Token-Based Multi-condition Autoregressive Diffusion for Lung CT Image Generation
摘要
Medical image generation faces challenges due to data scarcity, high annotation costs, and the need for precise structural fidelity. While diffusion models excel at generating high-quality images, they suffer from slow sampling speeds. Conversely, autoregressive models, although efficient in sequence modeling, struggle with continuous visual signals. In this work, we propose a diffusion-to-autoregressive framework for lung CT image synthesis, where the autoregressive model learns the temporal denoising dynamics of a diffusion process.

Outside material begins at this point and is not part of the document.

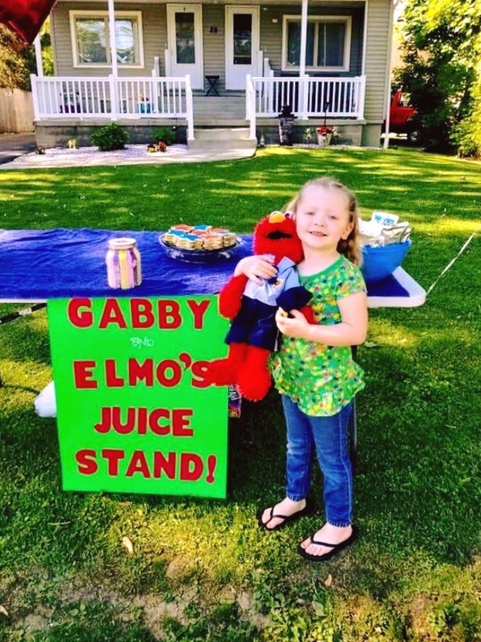 Eileen a donc demandé à sa fille si elle souhaitait vendre quelque chose. Tous les profits lui appartiendront: elle peut les mettre dans une tirelire ou les dépenser à sa discrétion. Gabby a été inspirée et a décidé de vendre la poupée Elmo. Cependant, déjà à la vente, le bébé a soudainement annoncé qu'elle voulait donner le jouet au policier. Elle a vu qu'il travaille seul et qu'il a donc besoin d'une entreprise. Avec Elmo, il sera beaucoup plus amusant!

Specifically, we introduce a sequential diffusion tokenizer that discretizes intermediate diffusion latents into structured token sequences, enabling the AR transformer to perform next-step predictions on diffusion trajectories rather than raw images. This formulation preserves the coarse-to-fine generation behavior of diffusion models while substantially accelerating sampling. Additionally, we incorporate a multi-condition guidance mechanism that utilizes segmentation masks and anatomical structures to enhance generation controllability. Experiments on a low-dose lung CT dataset show that our method achieves outstanding performance in FID, IS, and SSIM metrics. Furthermore, a Visual Turing Test conducted with radiologists confirms the perceptual realism of the generated images. Our approach has potential for extension to multi-task and multi-modality medical imaging applications.